▸ Your task:
Reproduce exactly, and solely, the lines running from the top of the data below through the line with "Beschreibung: Edvi Illés", both inclusive. Omit pictures.

[Items listed in a dataset]
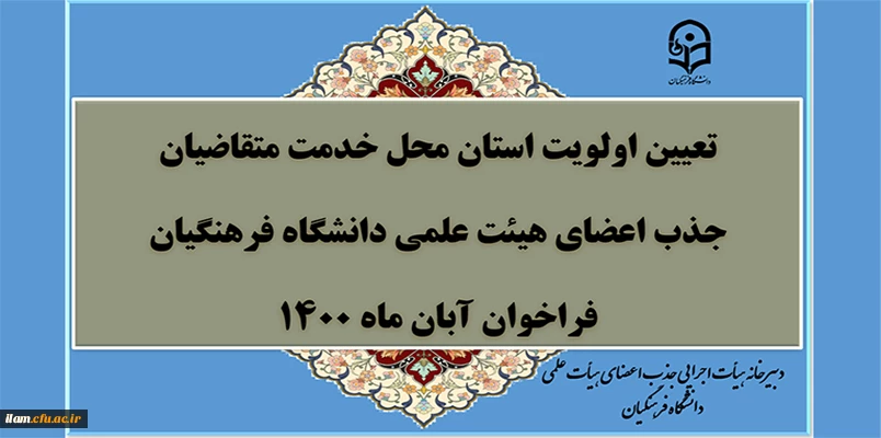 تعیین اولویت استان محل خدمت متقاضیان جذب اعضای هیأت علمی فراخوان آبان 1400 دانشگاه فرهنگیان 2
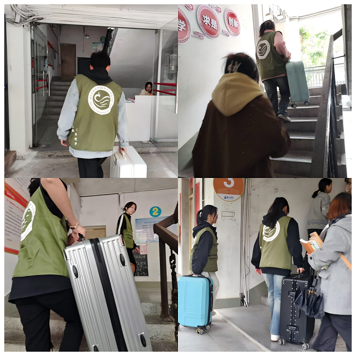 2025年2月23日下午,经济学院学生第五党支部组织学生党员和入党积极分子组成青年志愿者服务队,在“一站式”学生社区A5、A6宿舍区开展了“返校暖心服务”主题党日活动,为开学返校学生提供行李搬运等服务,以实际行动彰显初心。
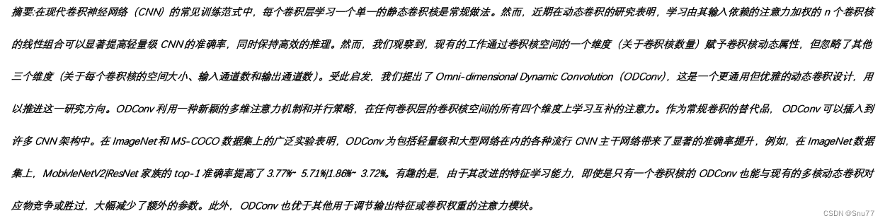 这篇文章给大家带来的是发表于2022年的ODConv(Omni-Dimensional Dynamic Convolution)中文名字全维度动态卷积,该卷积可以即插即用,可以直接替换网络结构中的任何一个卷积模块,在本文的末尾提供可以直接替换卷积模块的ODConv,添加ODConv模块的C3和Bottleneck(配合教程将代码复制粘贴到你自己的代码中即可运行)给大家,该卷积模块主要具有更小的计算量和更高的精度。下面的图片是精度的对比(因为训练成本我只是用了相同的数据集100张图片除了修改了ODConv以后其他配置都相同下面是效果对比图左面为修改版本,右面为基础版本)
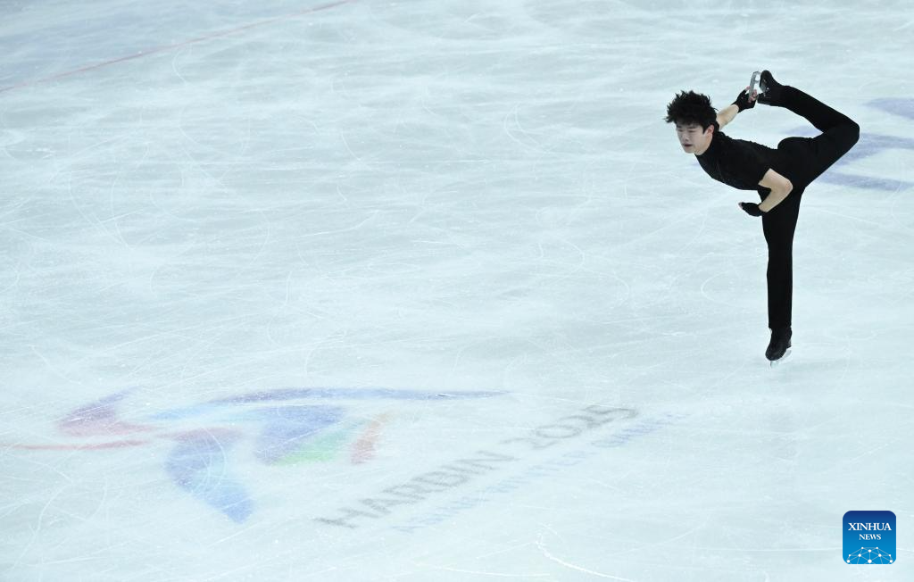 HARBIN, 11 febrero, 2025 (Xinhua) -- Chen Yudong, China, compite durante el programa corto de patinaje individual masculino del evento de patinaje artístico en los IX Juegos Asiáticos de Invierno, en Harbin, en la provincia de Heilongjiang, en el noreste de China, el 11 de febrero de 2025. (Xinhua/Cai Xiangxin)
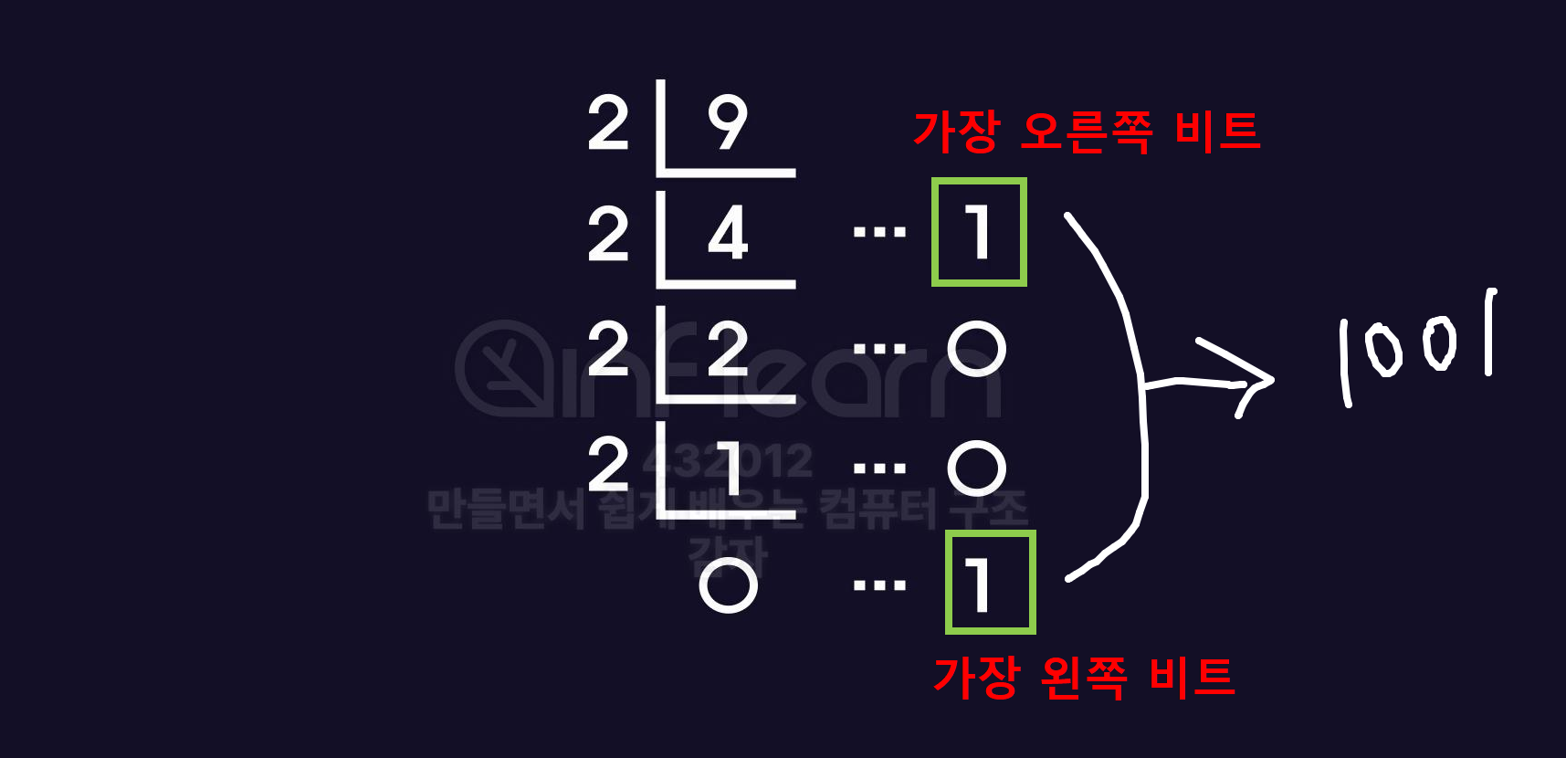 10진수 "9" 를 2진수로 변환 시켜보자.
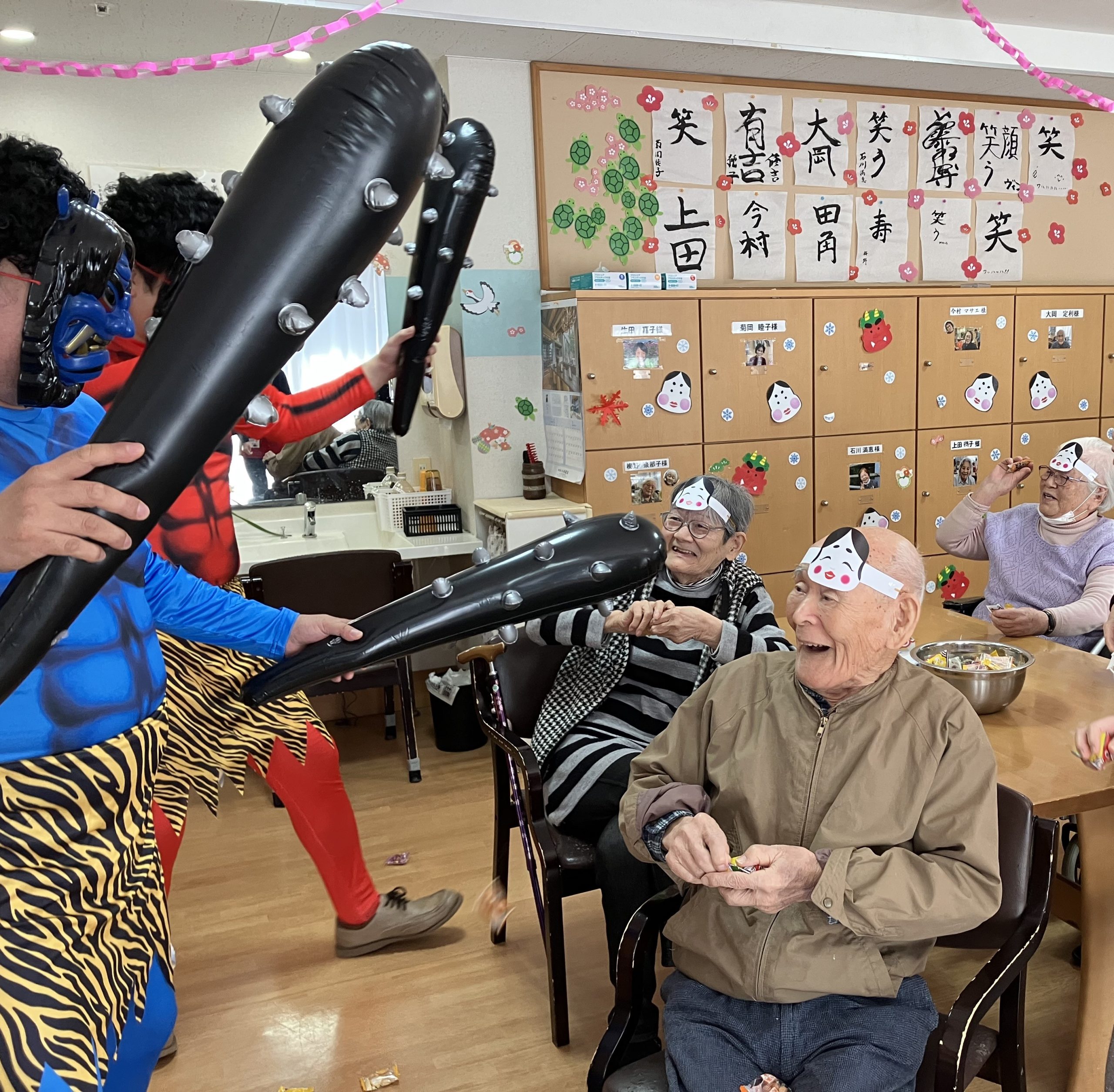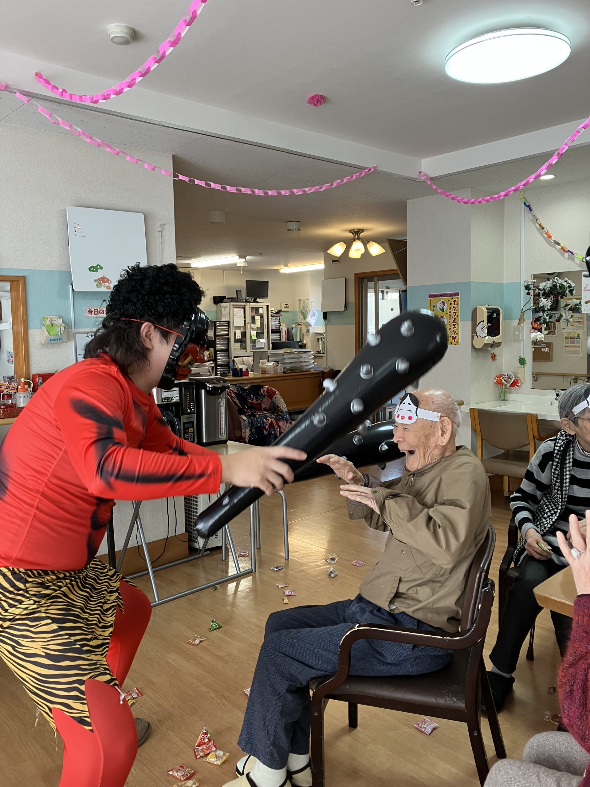 👹節分👹 いずみスタッフブログ 2026年2月5日 kaede-homepage 皆さんこんにちは!福岡市城南区七隈にある、小規模多機能施設のいずみです!2月に入り、開設記念日が終わりすぐに節分行事となりました。飾りつけの模様替えも急ぎ、慌ただしいなか当日を迎え、どうなる事かと心配していましたが・・・ 心配する事もなく、大盛り上がりで皆様持っていた豆を剛速球で鬼に投げていました!これには鬼もビックリで汗びっしょりになりながら逃げて行きました!また来年も鬼退治宜しくお願い致します。 続きを読む...
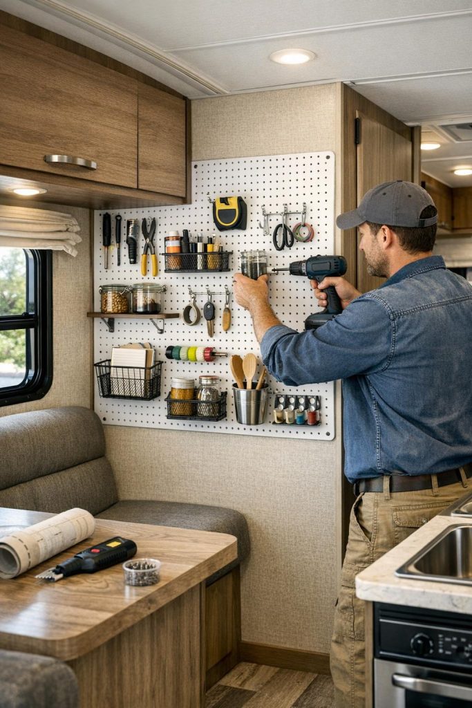 Secure pegboard firmly to walls using appropriate hardware for your RV’s wall construction. Plan your pegboard layout by tracing items on paper first, then arranging hooks and accessories to create the most efficient configuration before hanging anything. Paint pegboard to match your RV’s interior for a cohesive look.
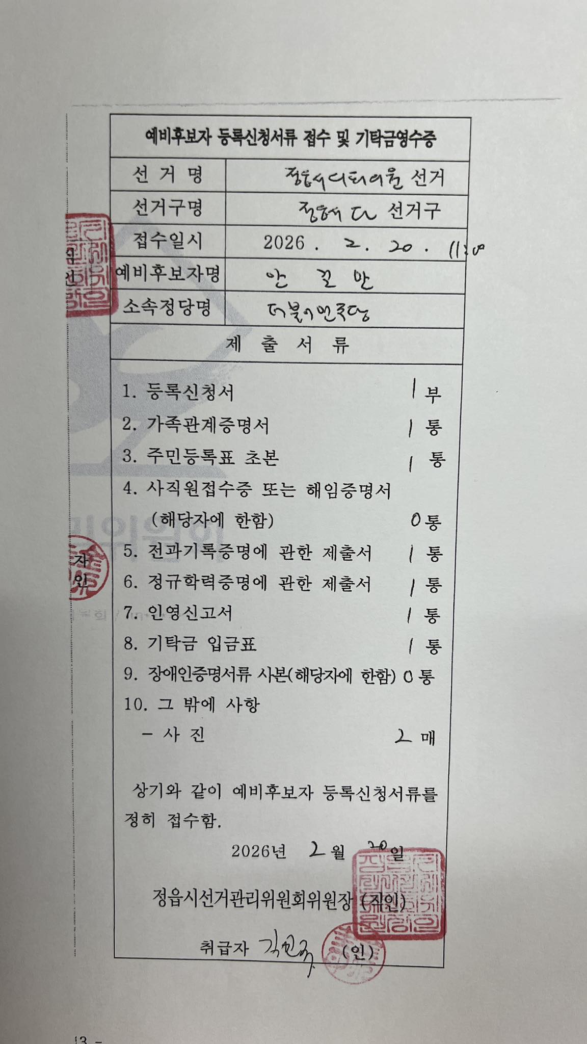 오늘(2월20일) 2026년 6월 3일 정읍지방선거 다선거구(연지.농소.입암.소성)출마를 위해 예비후보자 서류 접수를 오늘 하…
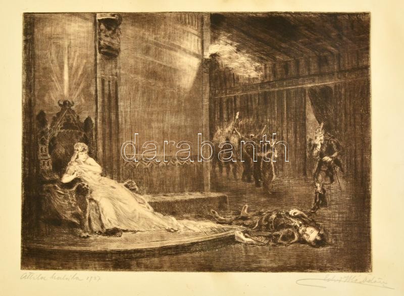 Beschreibung: Edvi Illés Ödön (1877-1945): Attila halála, rézkarc, papír, jelzett, a szélei foltosak, szakadozottak, 23x31 cm.
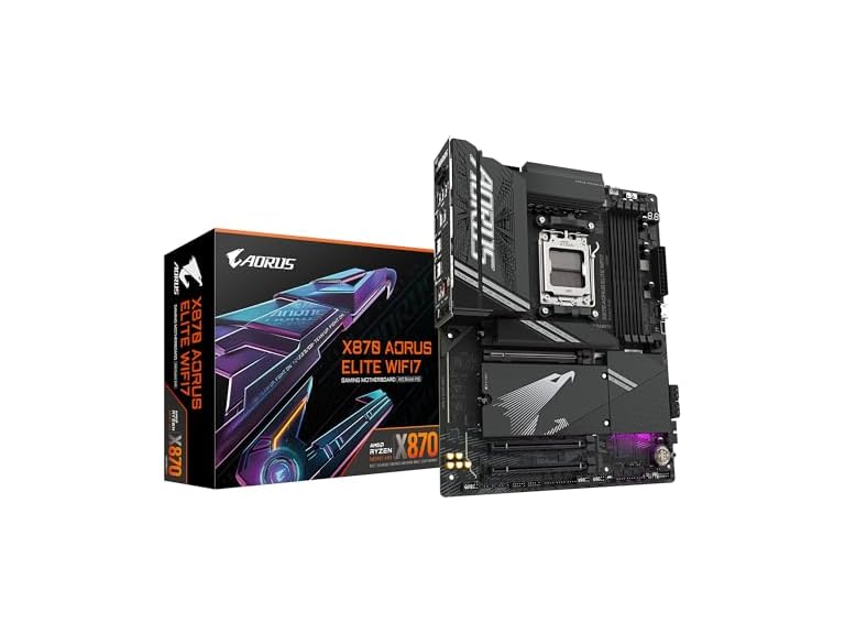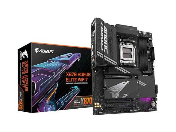 - (1) GIGABYTE X870 AORUS Elite WIFI7 Motherboard - Supports AMD Ryzen 9000 CPUs, 16+2+2 Phases VRM, up to 8000MHz DDR5 (OC), 3xPCIe 5.0, Wi-Fi 7, 2.5GbE LAN, USB 4
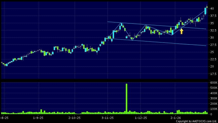 CHINAHONGQIAO(01378.HK) appears an upside range breakout. Last printed at 40.140; fell 0.199%; on volume of 33.85M shares and turnover of $1.34BRecent PerformanceIn 3 days: +9.792%...
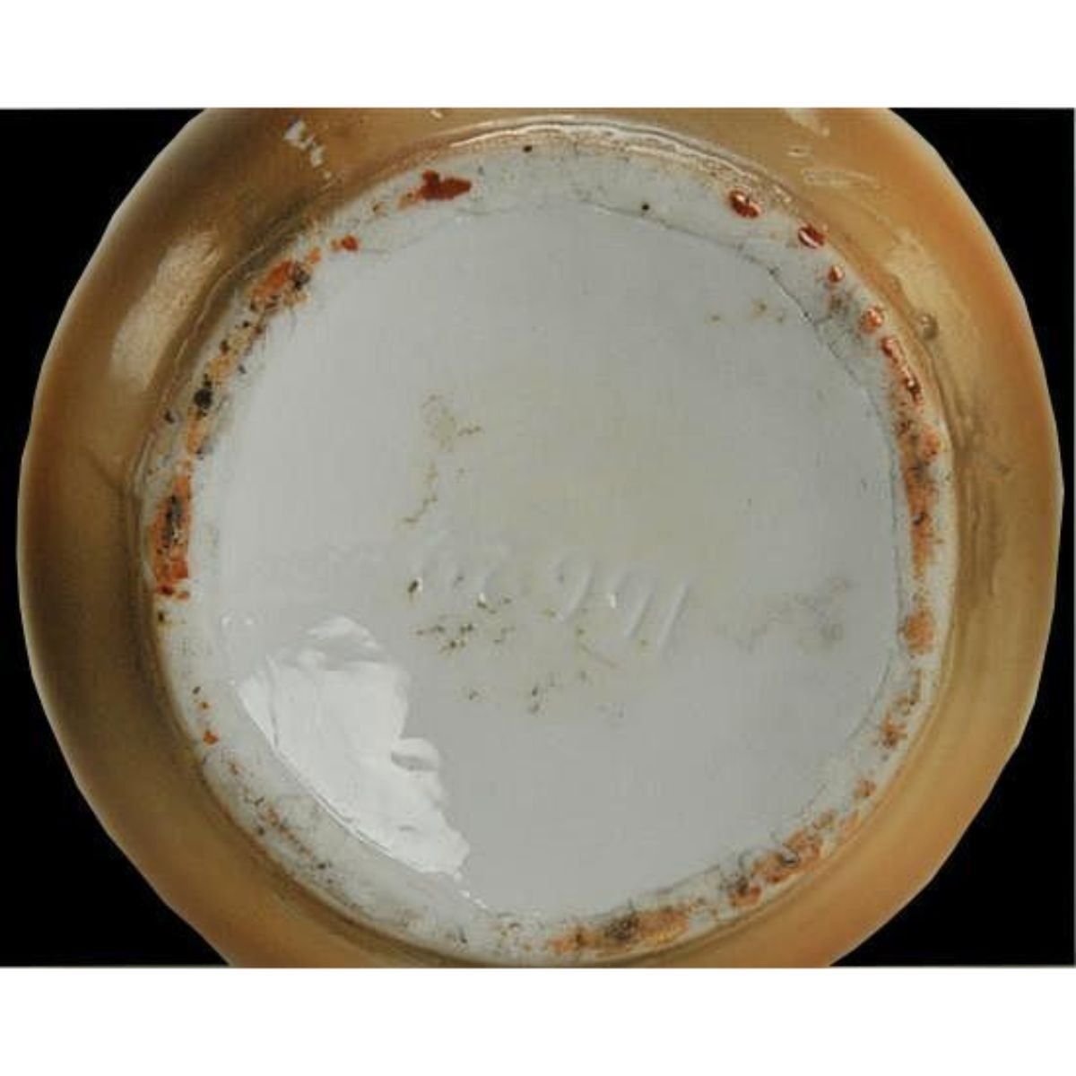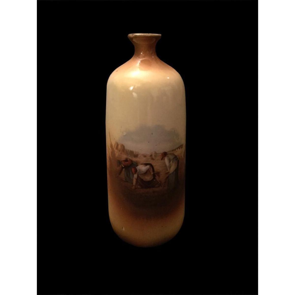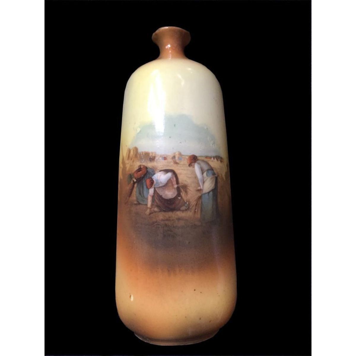 Continental Vase, with a scene after "The Gleaners" by Jean-Francois Millet. Numbered on bottom. Approx 5 1/2" H. * rough area on bottom rim, does not show when vase is standing.
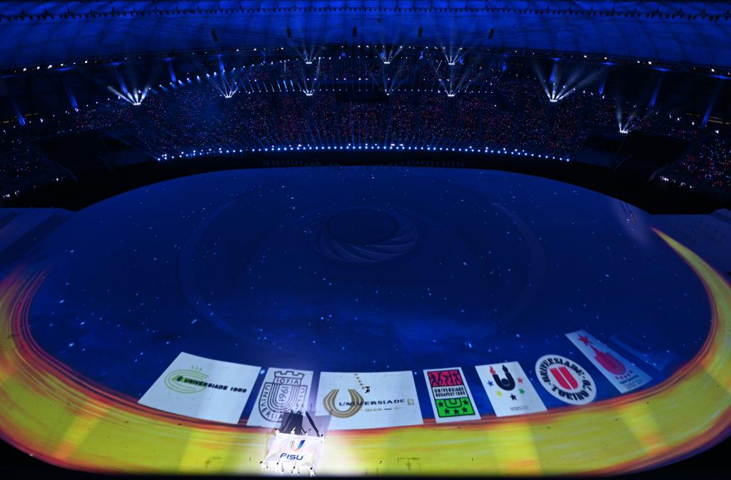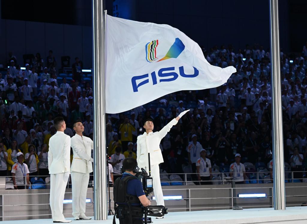 7月28日,國(guó)際大學(xué)生體育聯(lián)合會(huì)會(huì)旗在開(kāi)幕式上升起。新華社記者胥冰潔攝
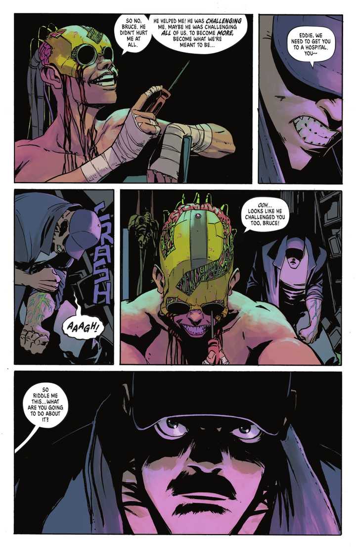 El castigo de Nygma fue igualmente personal. A diferencia de Harvey y Oswald, Edward no fue hospitalizado, pero no escapó ileso. Bane primero lo desafió a una batalla de ingenio, y después de ganar, lo cegó brutalmente al conducir sus dedos a los ojos de Edward. Luego sacudió la cabeza de Nygma tan violentamente y durante tanto tiempo que su lóbulo frontal estaba severamente dañado, dejándolo medio loco. Juntos, Batman’s Los amigos acaban de recibir sus horribles historias de origen del villano.
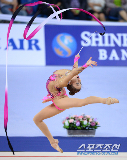 한국리듬체조대표팀 김윤희가 1일 인천 남동체육관에서 열린 2014인천아시안게임 리듬체조 단체전에서 리본연기를 펼치고 있다.
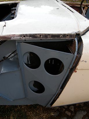 Die Außenbleche sind ebenfalls in einem guten Zustand, alleine das Front-Shroud weist einen Unfallschaden auf. Hier besteht die Hoffnung, dass dieser gerichtet werden kann. Ziel ist es, die Originalbleche unbedingt zu erhalten, da diese schon an das Chassis angepasst sind.
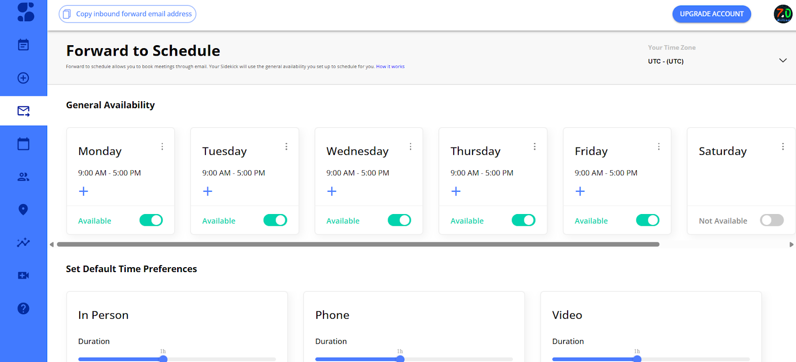 Sidekick AI is designed for people who spend too much time replying to meeting requests. Its standout feature, Forward to Schedule, lets you forward any scheduling email to a Sidekick address, and it handles the rest. It reads the request, checks your calendar, suggests a few curated time slots, and books the meeting without you needing to reply.

▸ Answer for this exercise:
 تعیین اولویت استان محل خدمت متقاضیان جذب اعضای هیأت علمی فراخوان آبان 1400 دانشگاه فرهنگیان 2
 2025年2月23日下午,经济学院学生第五党支部组织学生党员和入党积极分子组成青年志愿者服务队,在“一站式”学生社区A5、A6宿舍区开展了“返校暖心服务”主题党日活动,为开学返校学生提供行李搬运等服务,以实际行动彰显初心。
 这篇文章给大家带来的是发表于2022年的ODConv(Omni-Dimensional Dynamic Convolution)中文名字全维度动态卷积,该卷积可以即插即用,可以直接替换网络结构中的任何一个卷积模块,在本文的末尾提供可以直接替换卷积模块的ODConv,添加ODConv模块的C3和Bottleneck(配合教程将代码复制粘贴到你自己的代码中即可运行)给大家,该卷积模块主要具有更小的计算量和更高的精度。下面的图片是精度的对比(因为训练成本我只是用了相同的数据集100张图片除了修改了ODConv以后其他配置都相同下面是效果对比图左面为修改版本,右面为基础版本)
 HARBIN, 11 febrero, 2025 (Xinhua) -- Chen Yudong, China, compite durante el programa corto de patinaje individual masculino del evento de patinaje artístico en los IX Juegos Asiáticos de Invierno, en Harbin, en la provincia de Heilongjiang, en el noreste de China, el 11 de febrero de 2025. (Xinhua/Cai Xiangxin)
 10진수 "9" 를 2진수로 변환 시켜보자.
 👹節分👹 いずみスタッフブログ 2026年2月5日 kaede-homepage 皆さんこんにちは!福岡市城南区七隈にある、小規模多機能施設のいずみです!2月に入り、開設記念日が終わりすぐに節分行事となりました。飾りつけの模様替えも急ぎ、慌ただしいなか当日を迎え、どうなる事かと心配していましたが・・・ 心配する事もなく、大盛り上がりで皆様持っていた豆を剛速球で鬼に投げていました!これには鬼もビックリで汗びっしょりになりながら逃げて行きました!また来年も鬼退治宜しくお願い致します。 続きを読む...
 Secure pegboard firmly to walls using appropriate hardware for your RV’s wall construction. Plan your pegboard layout by tracing items on paper first, then arranging hooks and accessories to create the most efficient configuration before hanging anything. Paint pegboard to match your RV’s interior for a cohesive look.
 오늘(2월20일) 2026년 6월 3일 정읍지방선거 다선거구(연지.농소.입암.소성)출마를 위해 예비후보자 서류 접수를 오늘 하…
 Beschreibung: Edvi Illés Ödön (1877-1945): Attila halála, rézkarc, papír, jelzett, a szélei foltosak, szakadozottak, 23x31 cm.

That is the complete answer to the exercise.